I just read your post again and it sounds sort of similar…
This is something I considered. Just need to work out which one is less expensive. A l pathfinding-type lookup on my index (as you suggest) or keeping a full index at the maximum possible precision.
I’ll still spend some more time on this and post some more thoughts.
BTW, what language are you thinking of writing this in?
Uzair. Just wrote a new post detailing my solution.
I’m not sure yet what language I’m going to write it in. This is a solution to a problem I’m just hoping to have and haven’t actually faced yet. Just decided to work on it for a bit to get some perverse geeky fun. Nothing else.
The only constraints I’d have in the project is that it has to be a web-server, has to use memcached (no control over that choice) and had to integrate with other software around it all written in java.
What’s so bad about making one or two extra clustered indices? Sure you duplicate your data, but disk space is cheap and the extra overhead for maintaining the indices is something log(n).
Ideally I would like to store everything in memory, hence memcached. On a very large data set this could become a bit too big. See my reply to Uzair.
why can’t you just do a binary search of the time column (assuming that it is sorted by time) to find the nearest (or exact point), shouldn’t take very long. log2n
this is exactly what a database would be doing at the lowest level, for an index based on time.

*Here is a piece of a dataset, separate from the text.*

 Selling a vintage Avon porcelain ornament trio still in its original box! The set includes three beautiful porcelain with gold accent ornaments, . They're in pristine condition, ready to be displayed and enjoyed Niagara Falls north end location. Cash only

I want to avoid searches as much as possible. I want my API to be able to handle as many simultaneous requests as possible and a lookup on a map in memory is definitely less expensive than a binary search.
I still don’t understand.
if your ordered index is in-memory.
even if you had 1TB of memory (quite a lot), and each memory access took you 1 microsecond (slow),
each search would only take worse case of 40 accesses (2^40 = 1 trillion)
which would be 40 microseconds. this is not very long at all.

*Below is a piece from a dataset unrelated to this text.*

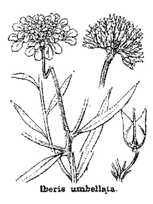 — Plante annuelle, glabre ; tige de 20-60 cm, robuste, à rameaux épais, ascendants ; feuilles radicales et inférieures oblongues ou lancéolées, dentées, les moyennes et les supérieures linéaires-lancéolées, entières ; fleurs roses ou purpurines, grandes ; grappe fructifère courte, en corymbe dense, à pédicelles dressés ; silicules ovales-arrondies, ailées dès la base, non rétrécies au sommet, à échancrure profonde, à lobes dressés, acuminés ; style dépassant un peu les lobes. Côteaux rocailleux et boisés, dans les Alpes-Maritimes et le Var oriental. — Europe méridionale, de l'Espagne à l'Albanie. = Mai-octobre. — Plante souvent cultivée dans les parterres.

assuming some more reasonable ball-park figures of 4GB of memory, and
200 nanosecond access times, gives you
32 accesses * 200 nanos = 6 microseconds
this is over 150,000 searches per second.
exactly how demanding is your user?
Anon, You are right. As I said in my reply to Uzair I have decided to spend some time thinking about this to get some geeky fun out of it.
[...] Caching time series Oct 27 [...]
Hello from Russia!
Can I quote a post “No teme” in your blog with the link to you?
Absolutely. Feel free to use this post wherever you want.